Croom Castle

Croom Castle

Croom or Crom Castle, also called the Castle of Crom, is an historic castle in the town of Croom, County Limerick, that is notable for its occupation as one of the principal residences of the Kildare branch of the FitzGerald dynasty. Their ancient war cry and motto "Crom a Boo", or in Irish "Crom Abu", comes from the strategic fortress. Before the FitzGeralds it was the site of an earlier fortress of the O'Donovans.
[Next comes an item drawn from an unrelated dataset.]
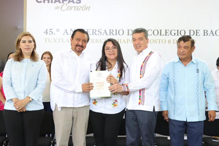 En el marco de la conmemoración del 45 Aniversario del Colegio de Bachilleres de Chiapas (Cobach), el gobernador Rutilio Escandón Cadenas encabezó la entrega de medallas al mérito por años de servicio, nombramientos de basificación y asignación docente, apoyos para titulación y certificaciones de inglés, en beneficio de maestras y maestros, directivos y personal administrativo.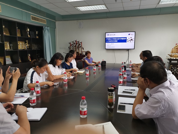 9月8日下午,受学校教务处、教师发展中心和太阳成集团tyc151cc邀请,浙江省万人计划领军人才(教学名师)、教育部计算机类专业教学指导委员会委员、教育部新工科研究与建设地方院校工作组成员、全国信息技术新工科产学联盟网络工程工作委员会主任温州大学施晓秋教授来我校做了题为《产教融合与专业认证共同驱动的人才培养体系建设》的报告,教师发展中心、太阳成集团tyc151cc、信息管理处的主要领导和教师以及来自太阳成集团tyc539和山东建筑大学的7个专业的专业负责人及骨干教师聆听了报告。报告会由太阳成集团tyc151cc院长陈贞翔教授主持。

It is located on a strategic bend in the River Maigue, from whence its name Cromadh, or "Bend in the River".

O'Donovan fortress

The territory in which Croom lies was up until the period of the Norman invasion of Ireland the domain of the ancient Uí Cairpre Áebda (Cairbre Eva), of whom the O'Donovans were the leading family. This belonged in the larger regional kingdom of the Uí Fidgenti, the remains of which were at this point sandwiched between the Kingdom of Desmond to the south and Kingdom of Thomond to the north, rivals of each other. The Uí Fidgenti were mostly devastated by Domnall Mór Ua Briain in 1178,[1] but some O'Donovans attempted to remain in the area, and according to Samuel Lewis in his 1837 Topographical Description of Ireland, one Dermot O'Donovan erected the first known fortress at Croom sometime during the reign of John of England,[2] or perhaps shortly before. According to Lewis this was to secure the country which they had recently taken from the MacEnirys (their kinsmen). But the O'Donovans are actually associated with Croom at least as early as the 1130s, where they are mentioned in the Caithréim Chellacháin Chaisil.[3] In their own origin legends those of distant Carbery are descended from the actually historical Crom Ua Donnabáin (died 1254), commonly called An Crom, or "The Bent", and claim it was he who built the Castle of Crom,[4] but this account is unreliable and it is unknown how he might have been related to the Dermot of Croom. In any case they also claim "Crom" O'Donovan received and entertained Turlough O'Connor, High King of Ireland at the castle in 1146.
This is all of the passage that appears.